Epithema

Epithema saxatile Blume, type species
Penins. Malaysia, Pahang, Bkt. Charas, phot. A. Weber (1984)

Epithema saxatile Blume, type species
Penins. Malaysia, Pahang, Bkt. Charas, phot. A. Weber (1984)

Epithema brunonis Wall.
Wall., Pl. Asiat. rar., t. 288 (1832)

Epithema carnosum C.B.Clarke
C.B.Clarke, Commelyn. Cyrtandr. Beng., t. 90 (1874)

Epithema ceylanica Wight
Wight, Icon. Pl. Ind. Orient., t. 1354 (1848)

Epithema madulidii B.L.Burtt
Philippines, Palawan, El Nido, phot. U.Ferreras (2008)

Epithema madulidii B.L.Burtt
Philippines, Palawan, El Nido, phot. U.Ferreras (2008)

Epithema parvibracteatum B.L.Burtt
Penins. Malaysia, Selangor, Batu Caves, phot. A. Weber (1984)
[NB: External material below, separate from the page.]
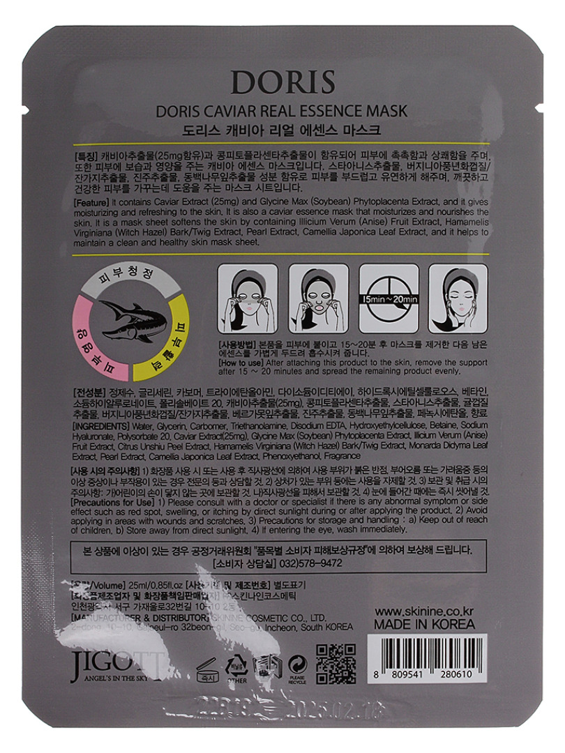 JGT Маска на тканевой основе DORIS CAVIAR REAL ESSENCE MASK, 25ml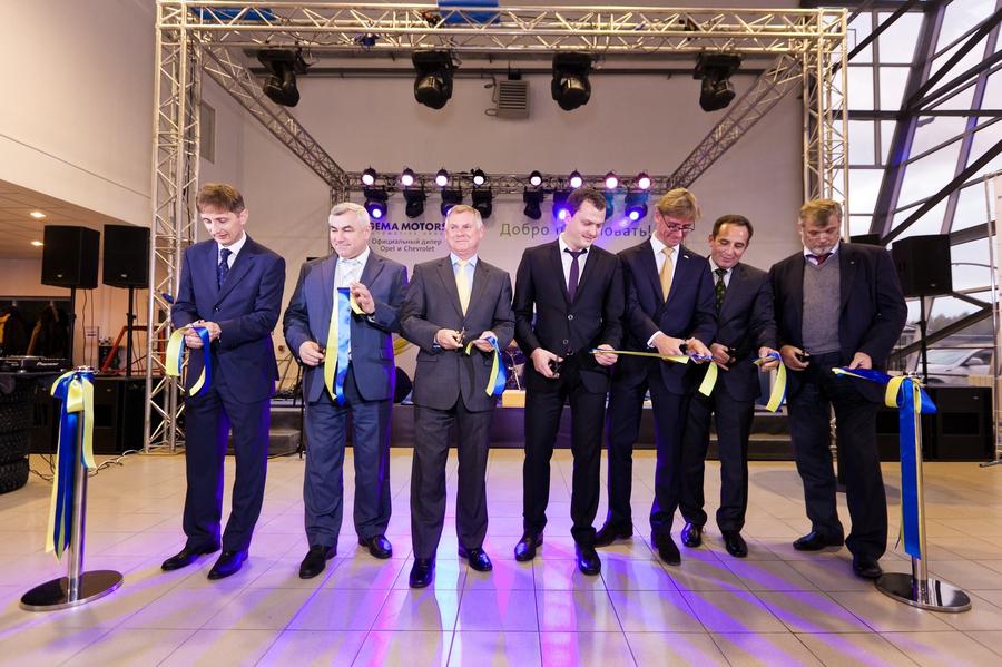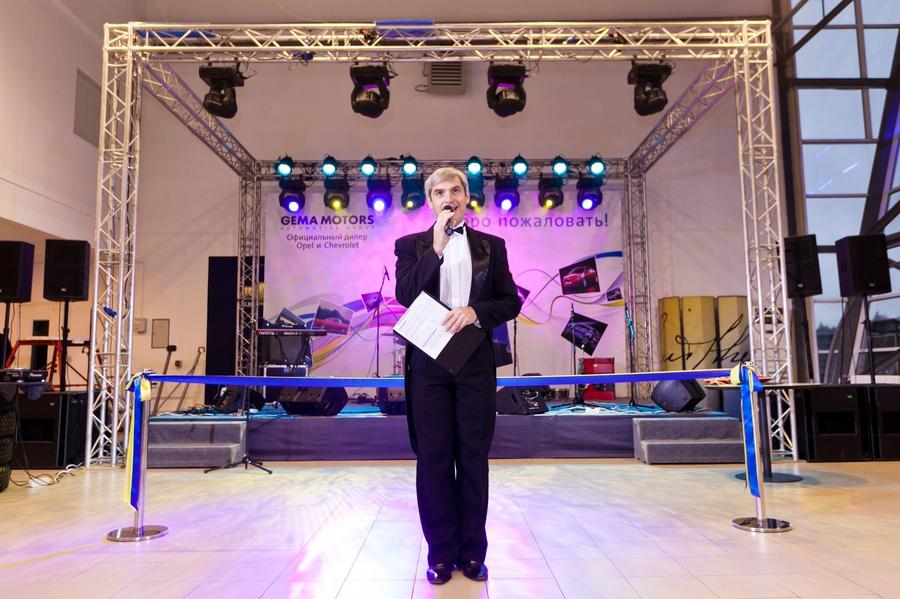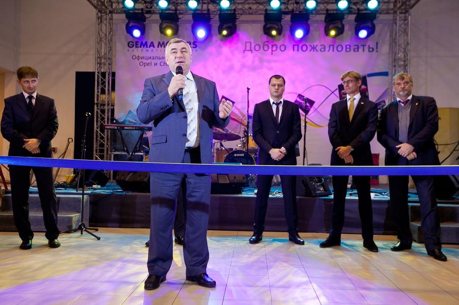 Ведущим мероприятия стал Андрей Андреев, актер и профессиональный конферансье. Для торжественной части мероприятия он пригласил на сцену множество официальных людей из компаний «ГЕМА Моторс», Opel, Chevrolet и администрации города Краснознаменск, рядом с которым открылся новый автосалон. Глава Краснознаменска Анатолий Тришин произнес множество теплых слов в адрес компании «ГЕМА Моторс» и все вместе чиновники и топ-менеджеры автомобильных компаний разрезали символическую красную (а, точнее, сине-желтую – в корпоративных цветах Opel и Chevrolet) ленточку, ознаменовав официальное открытие нового автосалона.

Epithema sp., diagrams of inflorescence and flowering plant; a Condensed pair-flowered cincinnus (with each cyme unit consisting of terminal flower – T and front flower – V) subtended by a bract (B); b Plant architecture: Hy hypocotyl, mCo Microcotyledon, MCo Macrocotyledon (both withered at flowering stage), Ep epicotyl, B3 solitary leaf, B4, B5 opposite leaves, each with axillary inflorescence, terminal inflorescence in between. From Weber (1976), Fig. 9.

Epithema cf. carnosum, inflorescence: pair-flowered cincinnus (with 4 rows of flowers) is embraced by a cucullate bract born on top of the stalk. From Weber (1976), Fig. 6.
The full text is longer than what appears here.